Re: Update from post-commit hook

Posted by Dominic Anello <da...@danky.com>.
On 2005-11-15 08:05:55 -0700, Mark Parker wrote:
> Ryan Schmidt wrote:
> >It should be ok, but I would recommend using a file:/// checkout  
> >instead because it will be faster. Make sure you have a FSFS  
> >repository, as BDB repositories have problems with concurrent access  
> >over different protocols.
> 
> No, BDB doesn't have problems with multiple access methods (or at least 
> any problems that FSFS doesn't have). You run into problems when process 
> A creates files in the repository (usually logs for BDB) that are 
> unreadable/unwriteable for process B. This is (as far as I understand) 
> MORE likely to happen with FSFS, because EVERY COMMIT is GUARANTEED to 
> create one or more new files in the repository, while BDB logfiles are 
> only created when the last one fills up.
> 
> I've taken my information from the book 
> (http://svnbook.red-bean.com/nightly/en/svn.serverconfig.multimethod.html), 
> and if I've misinterpreted something here, please feel free to correct me.
> 
> Mark

BDB will create and log a transaction for reads as well as writes, so
it's possible for a "read only" operation such as svnlook or svnadmin
verify to generate a new log file.  I've personally wedged my repository
by carelessly running verify as root, for example.

You can try it yourself:
[svn@lynx ~/ec-svn/repo/db]$ ls -l log.*
-rw-rw-r--    1 svn      svn       1046553 Nov 14 15:17 log.0000002124
-rw-rw-r--    1 svn      svn        941420 Nov 15 13:47 log.0000002125
[svn@lynx ~/ec-svn/repo/db]$ svnlook history .. /trunk > /dev/null
[svn@lynx ~/ec-svn/repo/db]$ ls -l log.*
-rw-rw-r--    1 svn      svn       1046553 Nov 14 15:17 log.0000002124
-rw-rw-r--    1 svn      svn        954652 Nov 15 13:56 log.0000002125

Note that log.0000002125 grew by about 13k just from a simple list.  A
verify on a large repo can easily roll the log over many times.

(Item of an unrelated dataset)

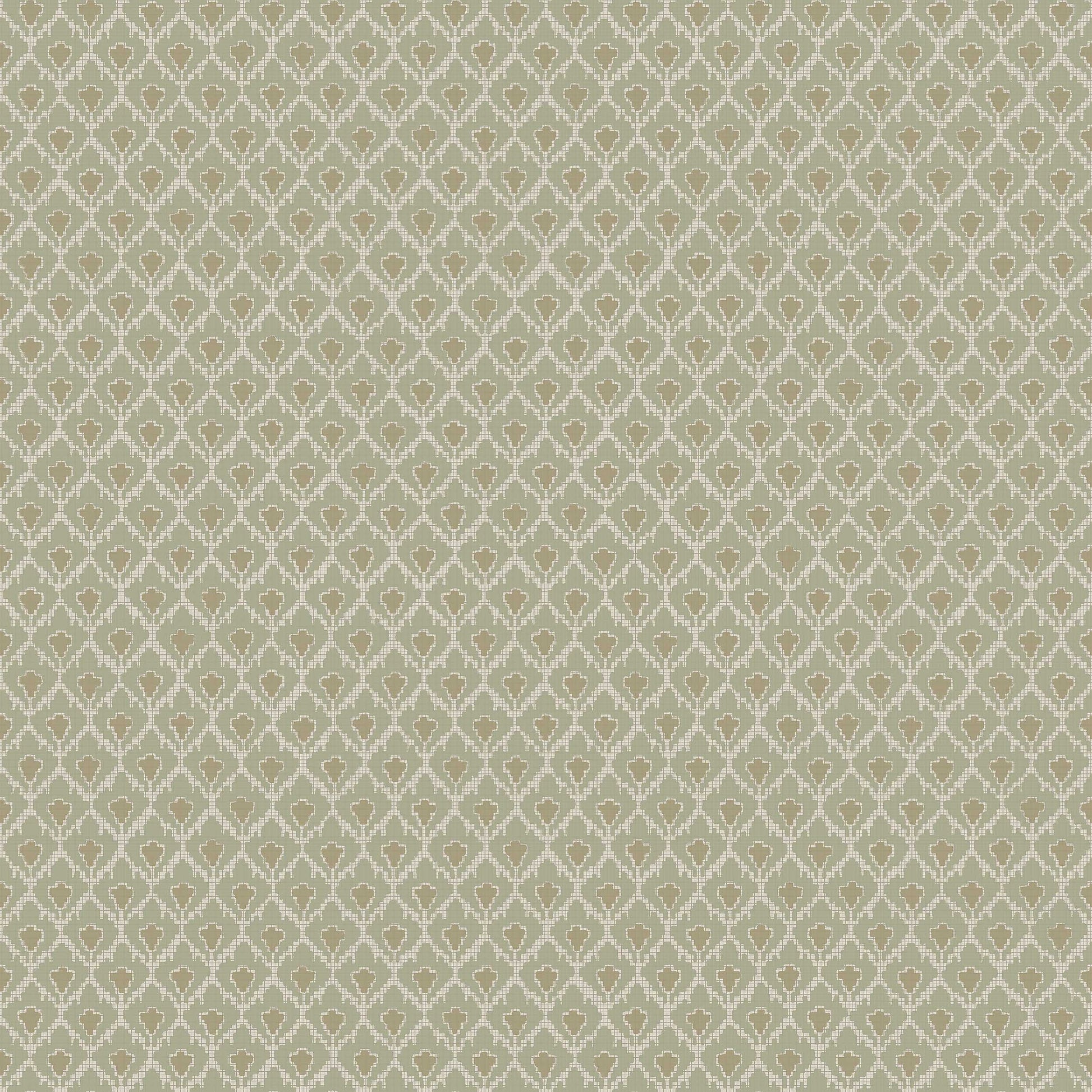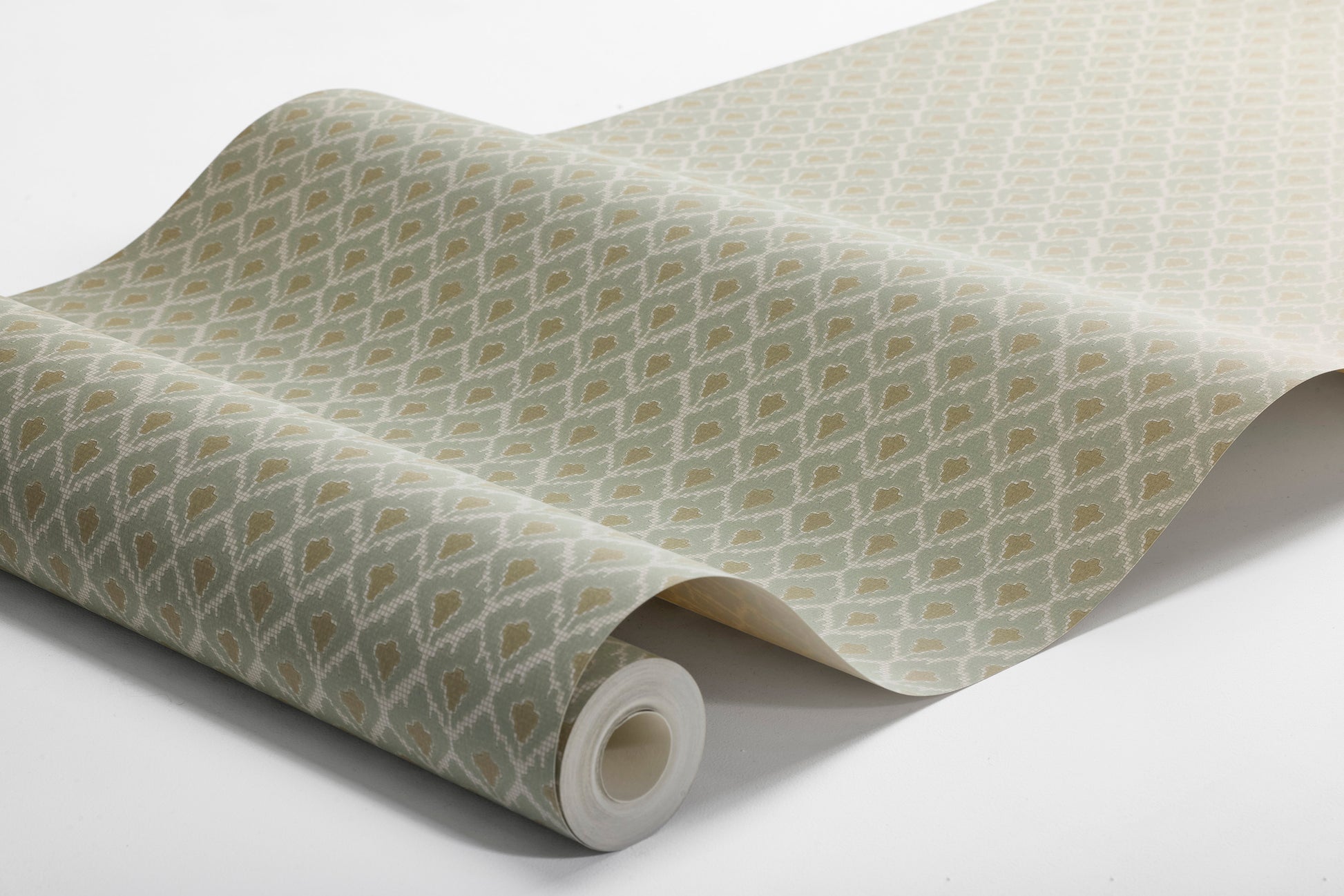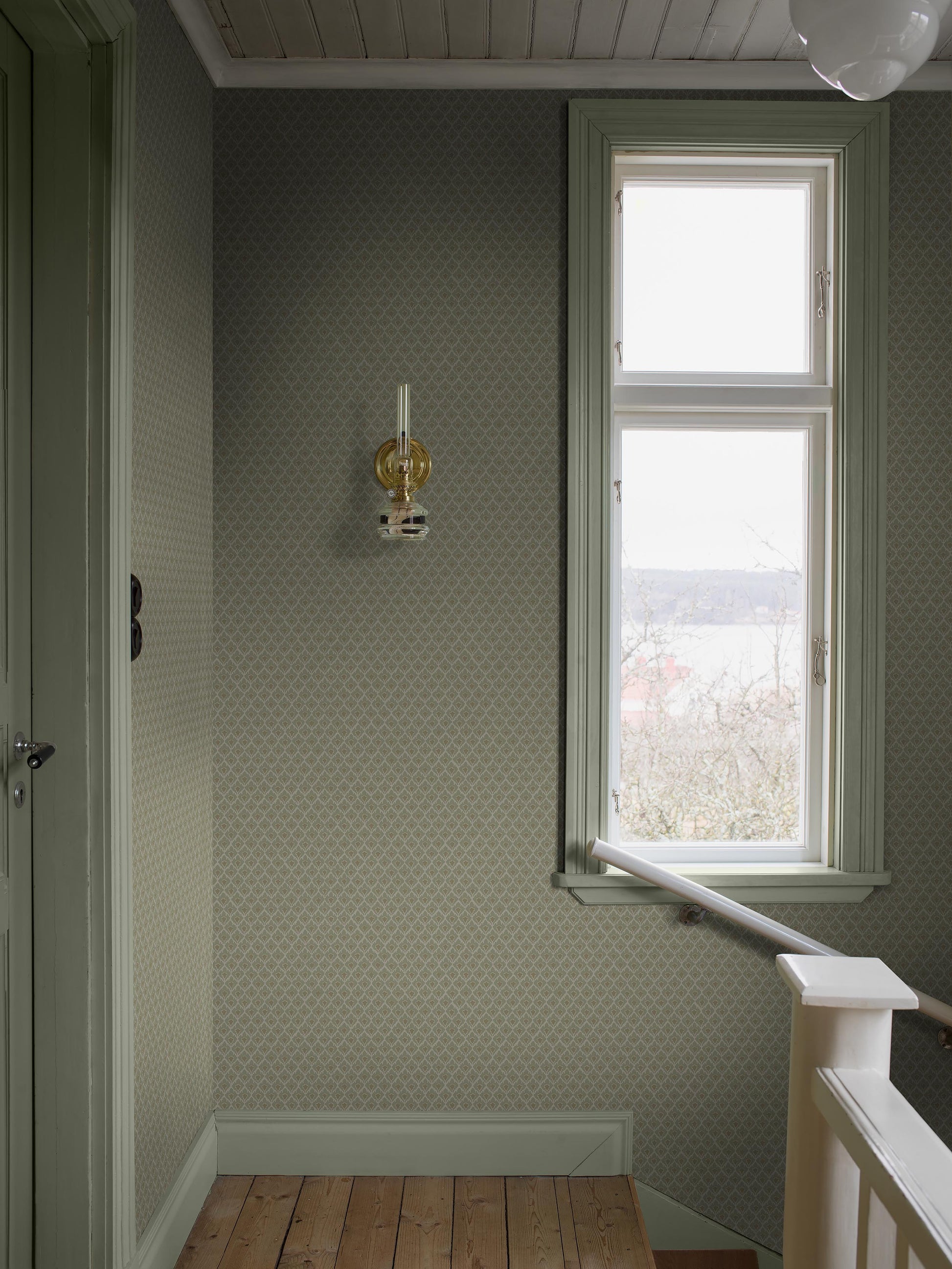 Pienikuvioista Svea-tapettia koristaa niin kutsuttu gobeliinikuvio, ja tapetin pohjassa on pieni tekstiilimäinen ruutukuvio. Ruutukuvio pehmentää kokonaisuutta ja luo huoneeseen viihtyisän ja pehmeän tunnelman. Gobeliinitapeteista tuli erittäin suosittuja vuodesta 1915 alkaen ja ne olivat suosittuja vielä 1920-luvullakin, ja uskomme, että Svea on tältä aikakaudelta. Kuoseissa nähtiin usein tiheään aseteltuja kukkia tai lehtiä, kuten suositussa Waldemar-tapetissammekin. Svea-tapetissa on kuitenkin pienempi ja abstraktimpi kuvio.Tässä Svea-tapetissa on lämpimiä ja pehmeitä vihreitä sävyjä ja korostusvärinä okranruskeaa. Luonnonvärisessä pohjassa on harmaa rasterikuvio. Rauhallinen ja miellyttävä tapetti, joka näyttää kaukaa katsottuna yhtenäiseltä pinnalta.

It's hard to say which one is more prone to wedging due to permission
issues.  Barring performance problems with one or the other, I  think it
basically comes down to whatever one you are most comfortable with.

-Dominic


Re: Update from post-commit hook

Posted by Mark Parker <ma...@msdhub.com>.
Ryan Schmidt wrote:
> It should be ok, but I would recommend using a file:/// checkout  
> instead because it will be faster. Make sure you have a FSFS  
> repository, as BDB repositories have problems with concurrent access  
> over different protocols.

No, BDB doesn't have problems with multiple access methods (or at least 
any problems that FSFS doesn't have). You run into problems when process 
A creates files in the repository (usually logs for BDB) that are 
unreadable/unwriteable for process B. This is (as far as I understand) 
MORE likely to happen with FSFS, because EVERY COMMIT is GUARANTEED to 
create one or more new files in the repository, while BDB logfiles are 
only created when the last one fills up.

I've taken my information from the book 
(http://svnbook.red-bean.com/nightly/en/svn.serverconfig.multimethod.html), 
and if I've misinterpreted something here, please feel free to correct me.

Mark


---------------------------------------------------------------------
To unsubscribe, e-mail: users-unsubscribe@subversion.tigris.org
For additional commands, e-mail: users-help@subversion.tigris.org

Re: Update from post-commit hook

Posted by Ryan Schmidt <su...@ryandesign.com>.
On Nov 9, 2005, at 22:28, Phil Endecott wrote:

>> I would definitely recommend spawning off another process  
>> somehow,  but simply "svn update &" may be too simplistic. If Bob  
>> commits r100  at 12:00:00 and the svn update process gets spawned  
>> at 12:00:01 and  takes 10 seconds to complete, and Joe commits  
>> r101 at 12:00:02 firing  off another svn update process at  
>> 12:00:03, then Joe's update process  will probably throw an error  
>> that the working copy is in use /  dirty / whatever it says
>
> If the update instead waited for the working copy to be unlocked,  
> rather than failing immediately, there wouldn't be a problem.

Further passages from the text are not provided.